Niceleri namaz kılar da, huşusu olanın ameli makbuldür. “Aranızdan ilk kalkacak ilim ‘huşu’ ilmidir.” buyurmuş Peygamber Efendimiz (sav). Oruç tutan çoktur, ancak takva sahipleri Hakk’ın muradına ulaşmıştır. Kurbanlar kesilir, kanlar akıtılır da Yüce Mevlâ’ya ulaşan tertemiz bir niyettir. Niyetler bilgiyle, tanımayla güzelleşir. Allah’ı (cc) tanımayan bir Müslümanın niyeti de güzel olmaz.

“Seni ibadete sevk eden duygu Allah’a duyduğun bir arzu, mutlak bir ihtiyaç, sonsuz bir sevgi, O’nsuz olamayacağına inandığın için mi, yoksa bir isteğin var onu da ancak O yapacak olduğu için mi?” buyuruyor Hâce Hazretleri (ksa).

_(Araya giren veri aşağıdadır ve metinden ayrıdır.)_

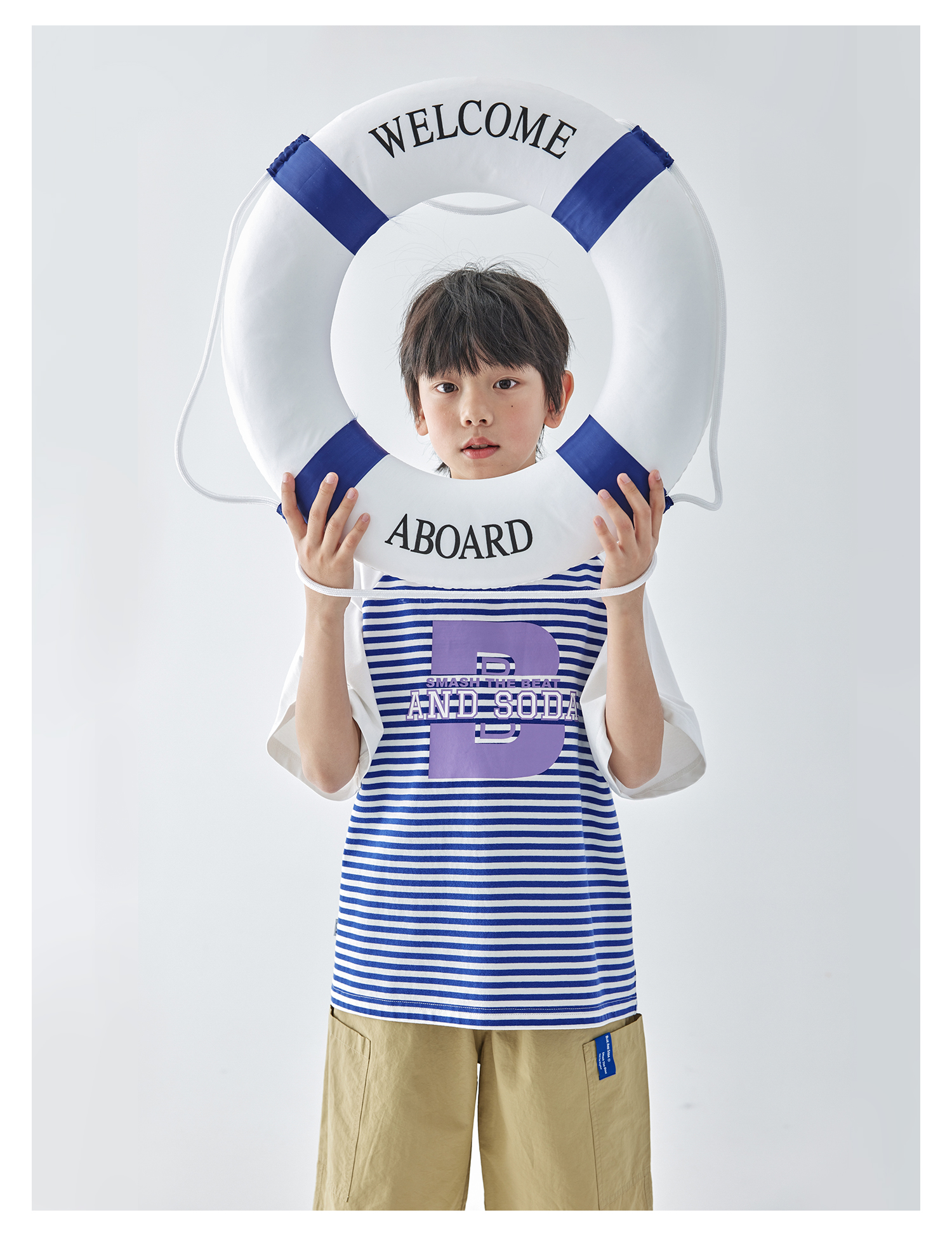 蓝汽水条纹字母印花T恤856B256047JX 商品图2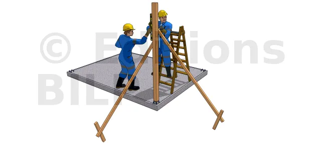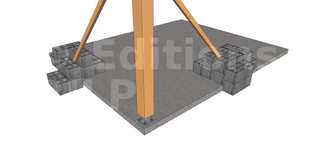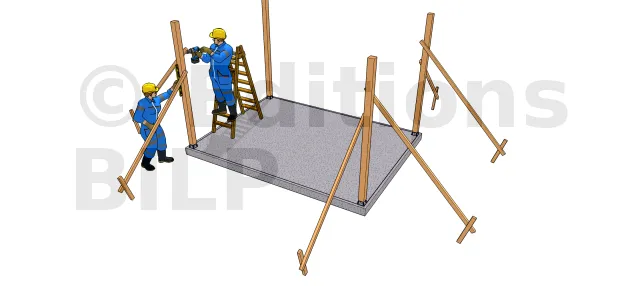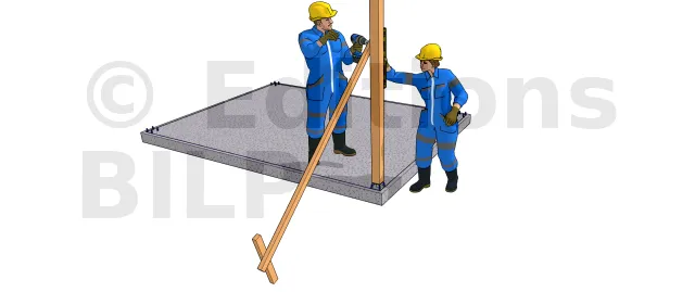 Dans les étapes de mise en oeuvre ci-après, on suppose que la dalle de support est parfaitement horizontale pour recevoir des poteaux de même longueur. Cette technique est valable également pour un terrain plat permettant d’ancrer des pieds de poteaux au même niveau et aussi sur un terrain faiblement en pente avec des surfaces de plots en béton de même niveau.

İnsanın ameli karşılığında Cenâbı Hak’tan yakınlık beklemesi onun edepsizliğidir. Mahfiyetle yapacağın ameller rıza kapısına ulaşır. Sevgiyle sun ibadetlerini, hediye eder gibi olsun.

Bir insan Allah’a (cc) muhabbetinin manasını öğrenmek isterse, yaptığı işlere muamelesine baksın… Günaha, masivaya karşı duruşun nasıl? Sana zevk veren şeyler hep nefsanî şeyler mi? Kulluğundan ne zaman hoşnut olacaksın? Ne zaman Allah’ın emirleri külfet olmaktan çıkıp muhabbete dönüşecek sende?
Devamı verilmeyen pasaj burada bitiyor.